Using KEDA Autoscaling with Prometheus and Redis

TOC:

What is Keda?

Today we explore and demonstrate using Kubernetes Event-driven Autoscaling KEDA to autoscale workloads (e.g. applications) within a Kubernetes cluster.

With KEDA we’ll be able to easily trigger the automatic scaling of a workload (up or down) using events/data from various vendors, databases, messaging, systems, CI/CD and more. Examples include; RabbitMQ, Postgresql, MongoDB, AWS SQS Queue, Azure Storage Queue, etc but for this blog, I’ve decided to go with Prometheus and Redis due to the simplicity for setting up the demos.

I have included a full list of event sources.

HPA and KEDA

Kubernetes does offer a built-in solution for autoscaling in the form of the Horizontal Pod Autoscaler (HPA). However, it lacks certain features and has several limitations. KEDA extends the functionality of the HPA; enhancing it with additional functionality and resolving the HPA limitations.
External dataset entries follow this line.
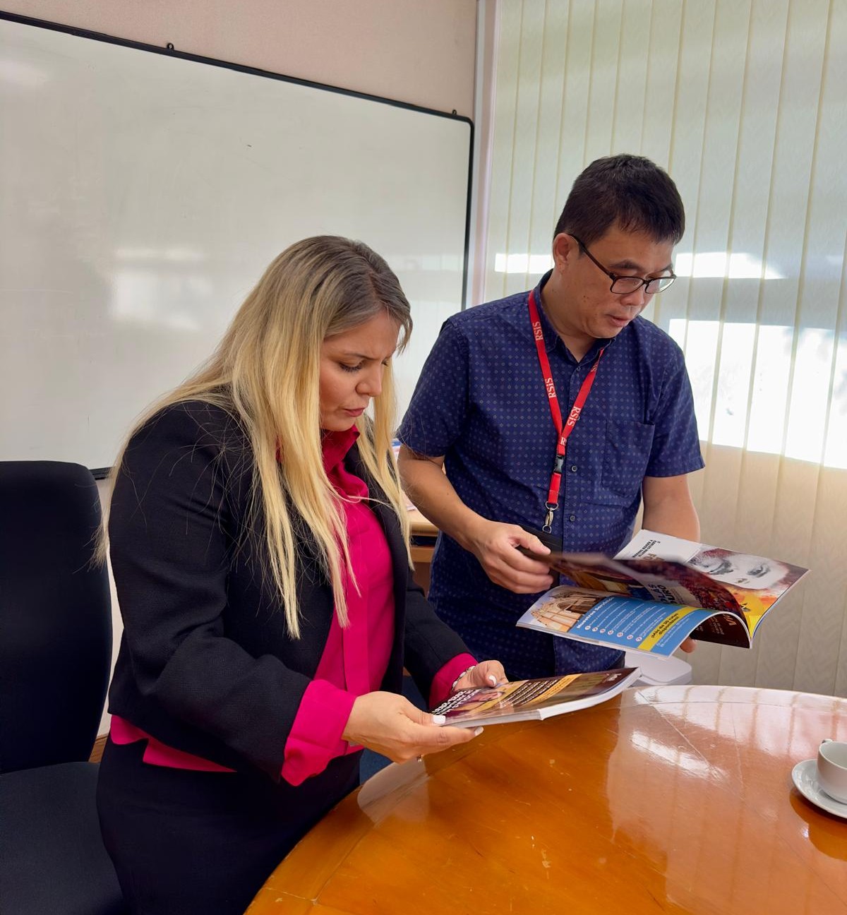 La embajadora de la República Bolivariana de Venezuela en la República de Singapur, Jessica María López Piña, sostuvo una importante reunión con Adrian Tan, subdirector del Instituto de Estudios de Defensa y Estratégicos (IDSS) y jefe del Centro de Investigación de Políticas de la Escuela de Estudios Internacionales "S. Rajaratnam" (RSIS), adscrita a la Universidad Tecnológica de Nanyang (NTU).
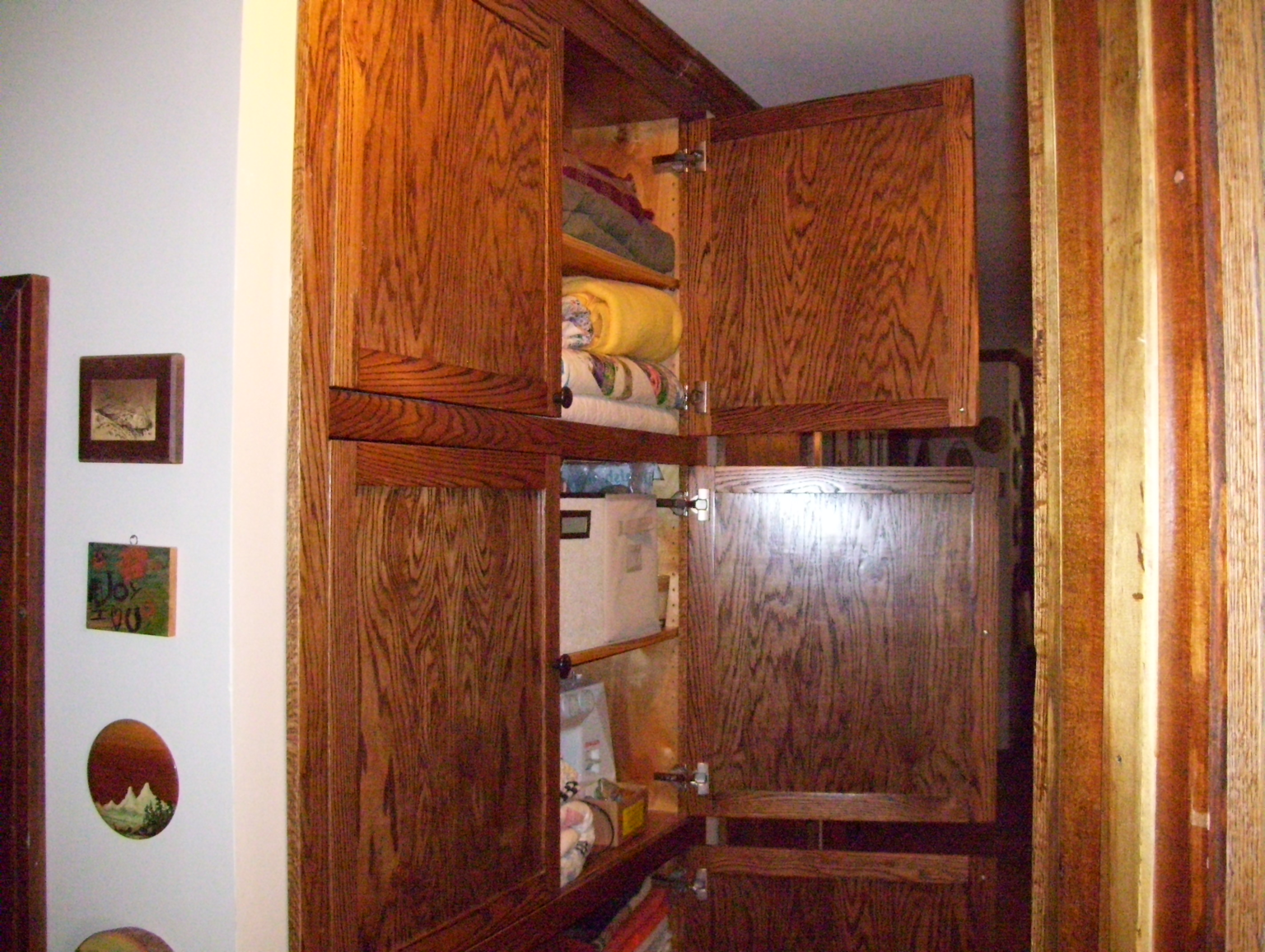 Well don't know what happens to my post earlier this morning seems to have disappeared.  No telling what I did wrong.  Finally finished this project after 3 out of town trips and some other activities that kept me away.  It a lot work to make this in 3 sections for my small shop.   The side and back panel is Birch Plywood from the home center.  I was not too impress with it but that what my wanted.  The face frame and doors frame is Red Oak lumber with 1/4 inch Red Oak Plywood panel.  The shelves is what the home centers called Select Pine or Clear and Better Pine.  It the closes that I could come up with to match the plywood.   And yes my wife beat me to it in filling the shelves up beforwe I got the picture taken.
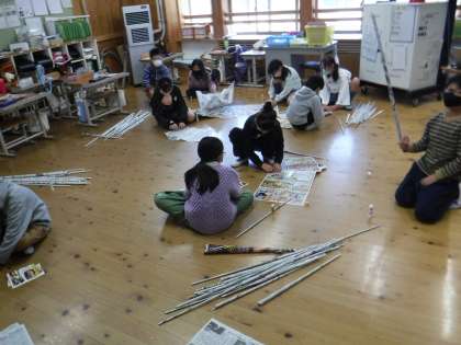 新聞紙を丸めて棒状にしたものをつなげてみました。
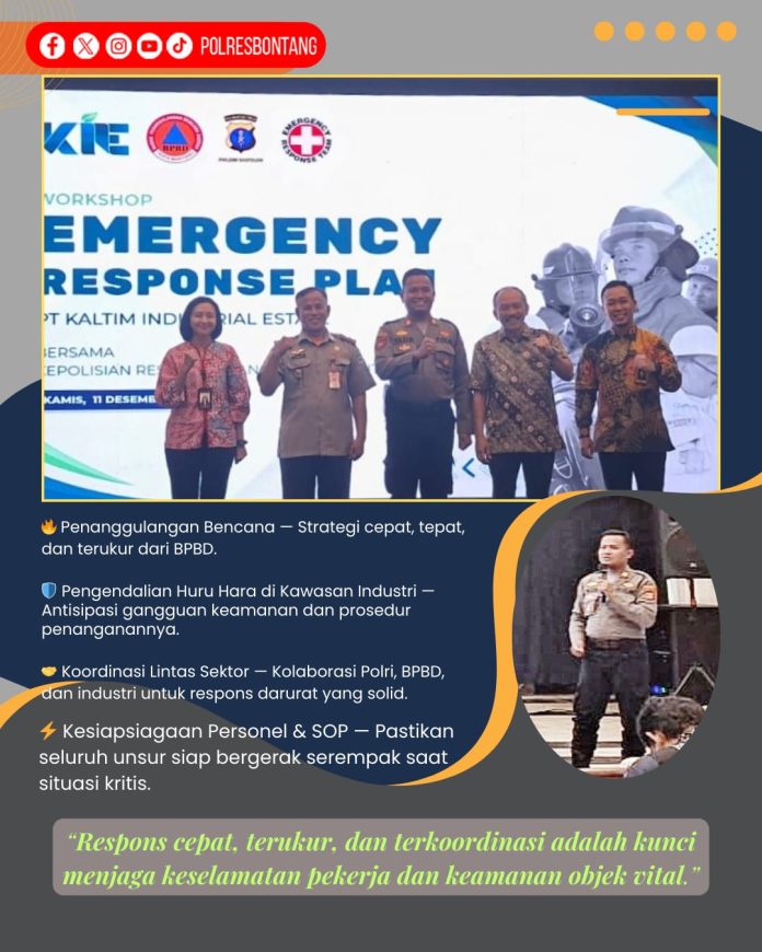 Bontang — PT Kaltim Industrial Estate (KIE) bersama Polres Bontang menggelar Kegiatan Kontijensi Emergency Response Play 2025 di Grand Equator PT Pupuk Kaltim, Jl. Pupuk Raya, Kelurahan Guntung, Kamis (11/12/2025). Kegiatan ini diikuti sekitar 50 peserta dari unsur industri, kepolisian, dan BPBD sebagai bagian dari peningkatan kesiapsiagaan kawasan industri.
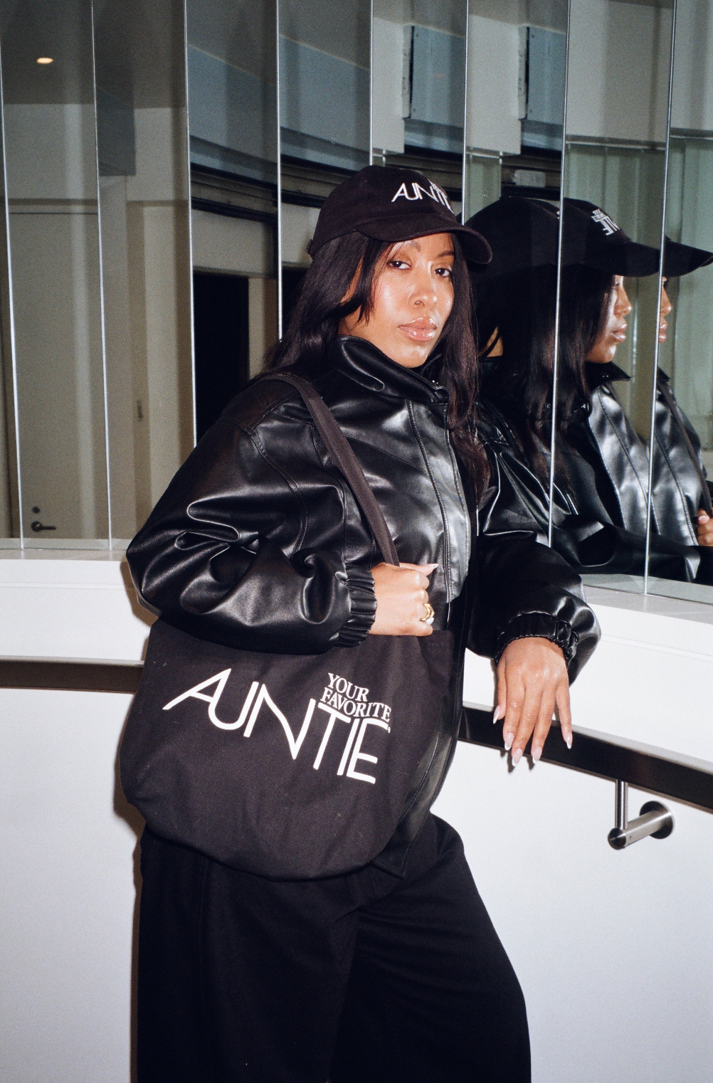 Top off the look with Auntie energy.
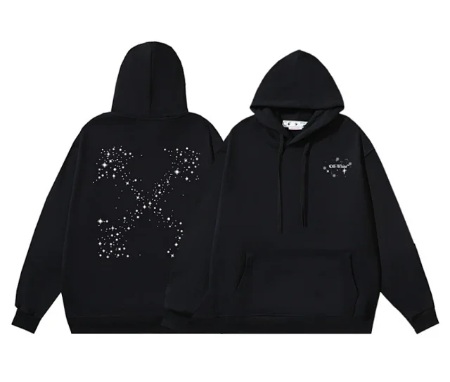 OW Ink-Splash Arrow Pattern Pullover Hoodie with Fleece Lining
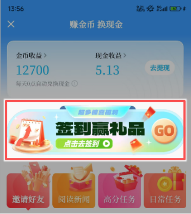 請注意,用戶當(dāng)天賺取的金幣會在第二天0點自動兌換為現(xiàn)金收益,需要補(bǔ)簽時,請及時使用賺取的金幣。
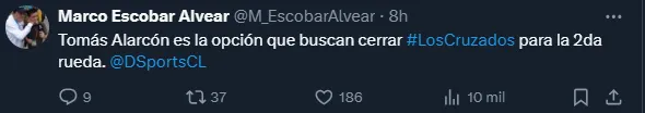 “Tomás Alarcón es la opción que buscan cerrar Universidad Católica para la 2da rueda”, fue lo que informó el comunicador en su cuenta de ‘X’.
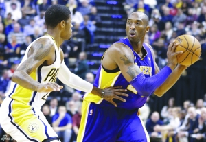 3月16日,湖人队队员科比在比赛中寻找队友传球。当日,洛杉矶湖人客场以99比93击败东部第二的印第安纳步行者。科比因伤只打首节,但湖人众志成城,保住西部第八的位置。霍华德拿下20分12篮板,慈世平19分7篮板3助攻,纳什15分9助攻,替补布雷克18分7助攻4篮板,贾米森17分7篮板,湖人全队三分球26投13中。
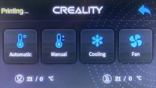Für die manuelle Einstellung der Temperatur "Manual" können in diesem Menü die Werte für die Düse und das Druckbett eingestellt werden. In den meisten Fällen wird es jedoch ausreichen, die automatische Temperatureinstellung zu verwenden.
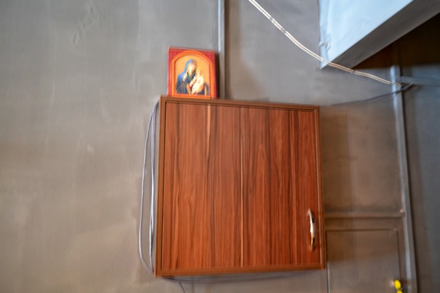 Над шкафчиком возле барной стойки стоит православная икона Божьей матери – ее принесли гости из Славутича на открытие. В воздухе витает запах свежего ремонта, он был сделан буквально за 1 месяц, чтобы вложиться в сроки, хозяин работал, не покладая рук днем и ночью.
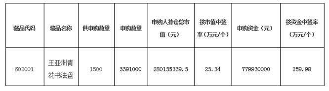 本次中簽分配方式按持倉(cāng)市值優(yōu)先分配規(guī)則,請(qǐng)廣大參與申購(gòu)的投資會(huì)員關(guān)注交易賬號(hào)中持倉(cāng)數(shù)量和資金變化情況。《王亞洲青花書(shū)法盤(pán)》將于2016年11月15日正式掛牌交易。

As you use KEDA you may notice a HPA object in your Kubernetes cluster, created by KEDA.

Behind a KEDA installation is KEDA fetching data from an event source and sending the data to Kubernetes and the HPA. Once HPA has the data from KEDA it’ll autoscale the target workload.

KEDA Use Cases: External/Custom Metrics & Scaling Jobs

The typical use case for autoscaling would be to scale up if an application has received a sudden spike in web traffic and to scale down when the amount of web traffic is low enough to save costs and resources. CPU and memory metrics are the typical indicators used to determine traffic levels.

However, there are cases where something else, other than the amount of web traffic, is affecting the performance of an application. In which case, you’ll want to use external or custom metrics (e.g. from Prometheus).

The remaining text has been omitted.